Attorney Tanya Hobson-Williams Outlines Steps Families Should Take to Help Ensure the Safety of Loved Ones in a Nursing Home

August 11, 2014

Recent Reports Point to Widespread Violations Compromising Patient Care

JAMAICA ESTATES, NY – Attorney Tanya Hobson-Williams of Hobson-Williams, P.C. advises family members to check in periodically, or to pay an aide to check in, with loved ones in nursing homes. She explains that frequent visits help to make sure their loved ones are treated properly by nursing home staff. She also says that, before admitting a loved one into a nursing home, relatives should learn more about the facility, its safety record, and the patient-to-nurse ratio.

Ms. Hobson-Williams says more scrutiny of the care provided in nursing homes is needed following the recent death of a 71-year-old woman at a Long Island assisted living facility. An employee at Medford Multicare Facility said the decedent died two minutes after her ventilator malfunctioned. The resident’s death is currently being investigated by the New York State Attorney General’s office and the New York State Department of Health.

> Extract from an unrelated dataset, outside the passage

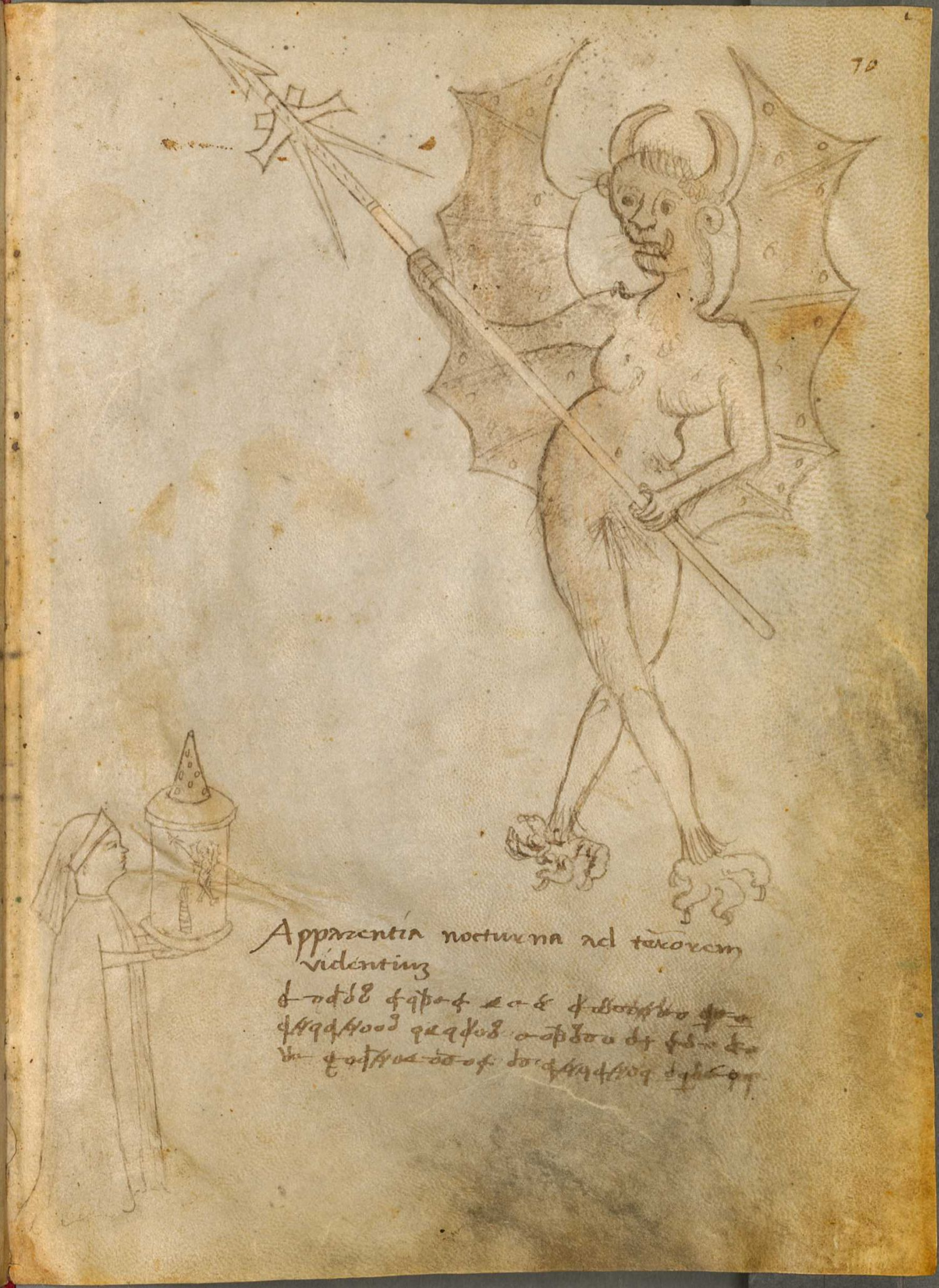 A figure (possibly a priest) uses a lantern to project a winged demon.

Medford Multicare Center is also under investigation for the death of another resident that occurred in June. Nine employees were arrested for charges ranging from patient abuse and neglect to falsifying business records. In addition, the state cited the center for 130 violations since 2003, when the facility opened.

“It is important that nursing home staff members see family members looking after and visiting their loved ones,” Ms. Hobson-Williams said. “When a nursing home or care facility does not see anyone checking on a resident, there is greater opportunity for abuse. You should also make sure that the facility or nursing home you choose for a loved one is a reputable one.”

According to the National Center on Elder Abuse (NCEA), nearly one in three nursing homes were cited for violations of federal standards that could cause actual harm to a resident; nearly one in 10 homes had violations that could have caused its residents harm, serious injury or death. The NCEA found that 44% of residents surveyed said they were abused and 95% said they had been neglected or seen someone neglected. More than half of nursing home staff admitted to mistreating senior residents, with two-thirds of those incidents involving neglect.

“If you visit your loved one and notice bruising or bleeding that was never there before, or if they are dehydrated, they may have been a victim of abuse or neglect,” Ms. Hobson-Williams said. “It is imperative that the residents’ family members contact an attorney to discuss the matter.”